Items from a dataset:
- - -

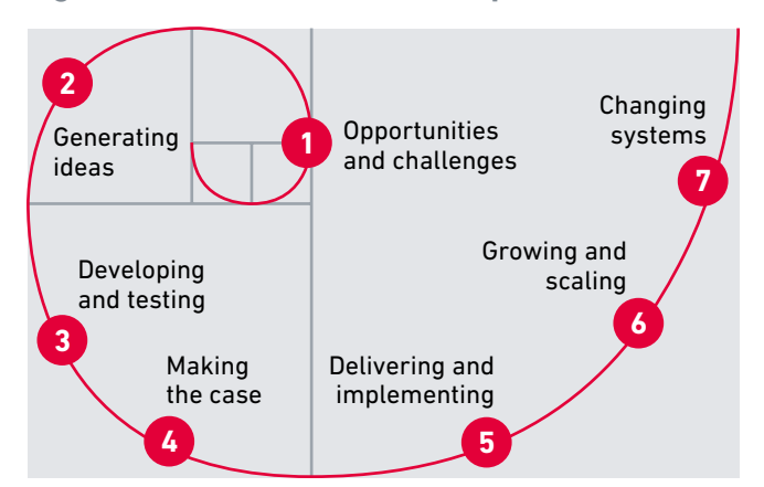
Figure 3: The social innovation spiral

Social innovation is a process, with overlapping but differing stages requiring specific tools and methodologies, skills and culture at each stage. It requires different management approaches to the traditional NGO project delivery model – including allowing for more flexibility, rapid learning and entrepreneurialism to accomplish the end goal.
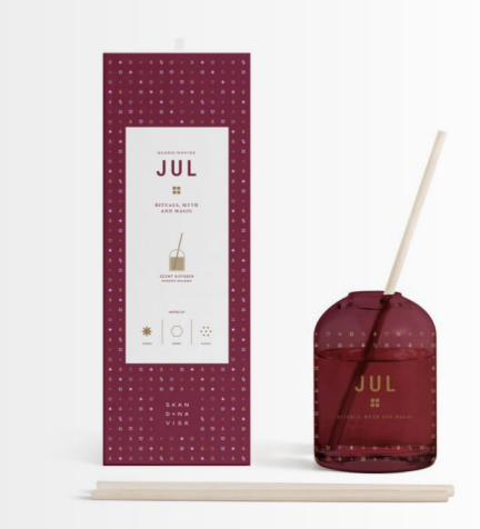
$89.95 | Oliver Thom Skandinavisk Jul Diffuser
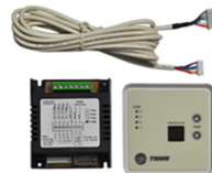
1, 2, 4 Stage Thermostat - Digital Display (Option)
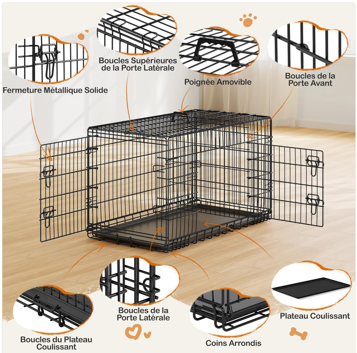
Image: A close-up view of various crate components, including the solid metal latch, top and side door buckles, removable handle, sliding tray, tray buckles, and rounded corners, illustrating the crate's robust construction and user-friendly features.

4. Installing the Divider (Optional): The crate includes a removable divider for adjusting the internal space, which is particularly useful for puppy training. Follow these steps:
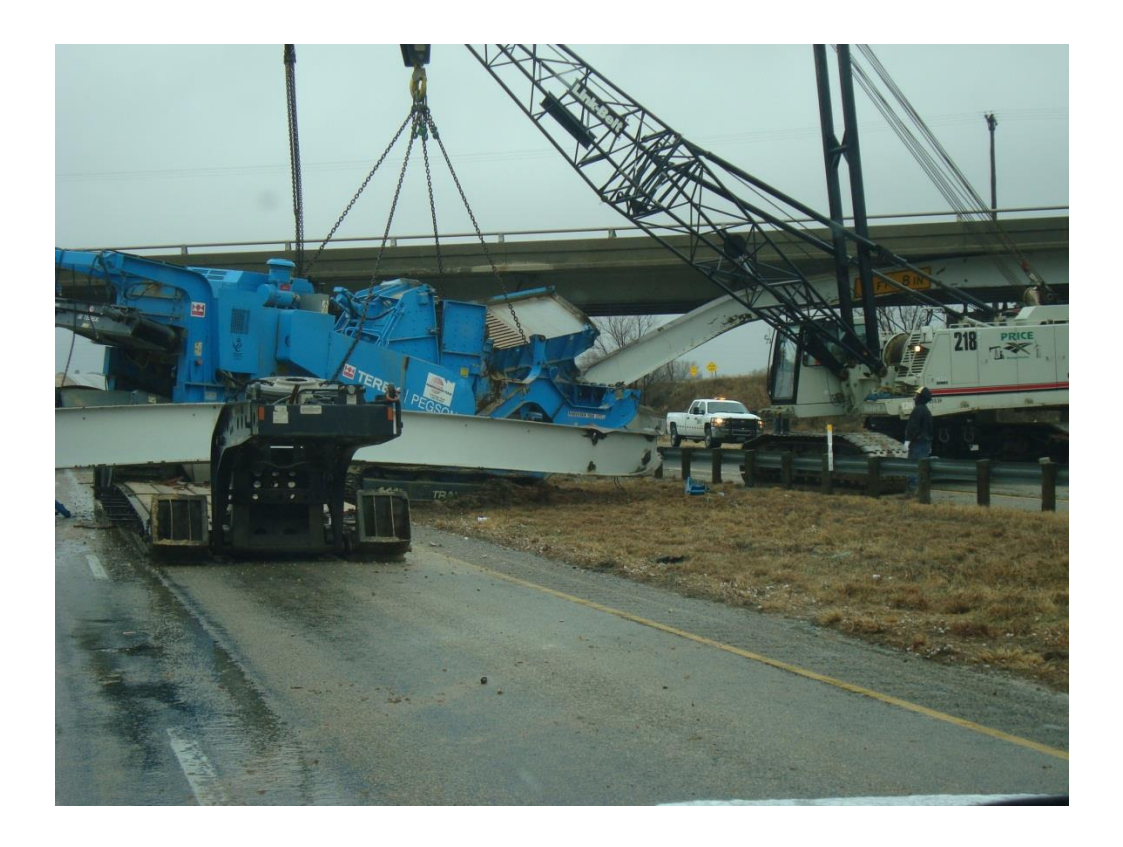
Figure 6 Damaged Bridge – US 180 Overpass at US 84 in Snyder County

- - -

■ PROBLEM REQUIREMENTS ■
From the data, list each line in which the string "Figure" appears.

■ OUTPUT FOR THIS TASK ■
Figure 3: The social innovation spiral
Figure 6 Damaged Bridge – US 180 Overpass at US 84 in Snyder County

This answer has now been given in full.